Without the pictures, print the lines running from the beginning of the material to the line containing "These pajamas are", both ends included.

[Start of section]

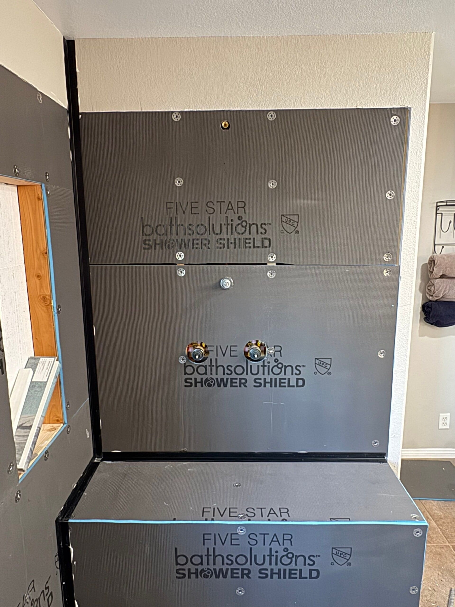 * Brand-new shower installation in previously non-shower space
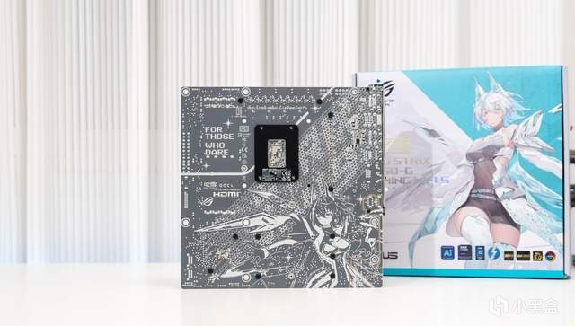 主板背面採用了灰色的塗裝搭配白色的字體和吹雪姬的剪影裝飾。
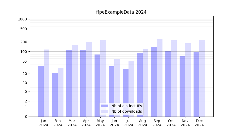 Number of downloads for experiment package ffpeExampleData, year by year, from 2025 back to 2014 (years with no downloads are omitted):
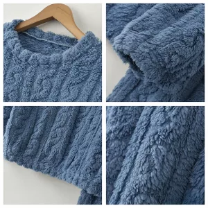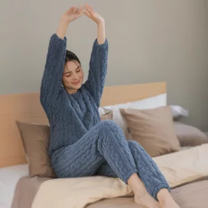 These pajamas are a treat! Even when I stay up late reading, I stay warm. The material feels plush and never gets scratchy.
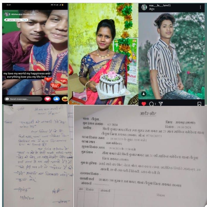 लैलूंगा :- पुलिस थाना लैलूंगा से महज पाँच किलोमीटर की दूरी पर ग्राम गमेकेला गाँव स्थित है । जहाँ से एक विवाहित महिला जो कि एक बच्चे कि माँ है जिसके बिन बताये खेत कि ओर जाने के नाम पर घर से कहीं चले जाने कि थाने में गुमशुदगी कि सूचना मिलने पर पुलिस के द्वारा मामले कि कायमी किए जाने कि बात सामने आई है । वहीं आपको यह भी बता दें कि पूरा मामला ग्राम गमेकेला निवासी फिलि भगत ने बताया कि उसकी पत्नी श्रीमती सीमा भगत 18 अक्टूबर 2024 को सबेरे लगभग 10:00 बजे के आसपास खेत जा रही हूँ बोल के घर से निकली और देर रात तक घर नही आई तो उसके परिजन खोज बीन करना शुरु कर दिए । परन्तु नदारत सीमा भगत का कही कोई पता सुराग नही चला जिसके बाद उसके पति फिलि भगत के द्वारा अगले दिन पुलिस थाना लैलूंगा आकर गिमशुदगी की रिपोर्ट दर्ज कराया गया है । अपने तरीके से फिलि भगत ने खोज बीन कर के देखा तो पता कुछ अज्ञात सूत्रों से चला है कि उसकी पत्नी श्रीमती सीमा भगत किसी दूसरे व्यक्ति के साथ रफू चक्कर हो गई है । फिलहाल प्रथम दृष्ट्या मामला प्रेम प्रसंग का प्रतीत होता है । सीमा भगत और उसके कथित प्रेमी के द्वारा सोशल मीडिया प्लेट फॉर्म के वाट्सएप में स्टेटस लगाया गया है । और फोन को बंद कर रखा गया है । पति फिलि भगत के द्वारा कहा गया है कि दोनों प्रेमी और प्रेमिका को कही भी काम न दिया जाए । और उनका पता ठिकाना बताने वाले 20,000 को नगद इनाम घोषित किया गया है । फिलि भगत ने यह भी बताया कि घर मे रखे सोने, चाँदी और रूपये, पैसे को लेकर भागी है । बताया जा रहा है कि सीमा भगत का प्रेमी ग्राम पंचायत रुडुकेला का रहने वाला है । अब यद देखना होगा कि उपरोक्त गुम इंसान को लैलूंगा पुलिस कब तलक दस्तयाब कर लाती है । यह तो फिलहाल वक्त आने पर ही पता चल सकेगा । उपोरोक्त महिला या उसके कथित प्रेमी युवक का पता लगने पर सूचनाकर्ता निम्न नम्बरों पर संपर्क करें ! फिली भगत गुमशुदा महिला का पति मो. 9770120373, परिजन संगीता भगत मो. 9303816865, सुनील भगत मो. 9131054363, प्रह्लाद भगत मो. 7049421919

[End of section]

[Response below]
 * Brand-new shower installation in previously non-shower space
 主板背面採用了灰色的塗裝搭配白色的字體和吹雪姬的剪影裝飾。
 Number of downloads for experiment package ffpeExampleData, year by year, from 2025 back to 2014 (years with no downloads are omitted):
 These pajamas are a treat! Even when I stay up late reading, I stay warm. The material feels plush and never gets scratchy.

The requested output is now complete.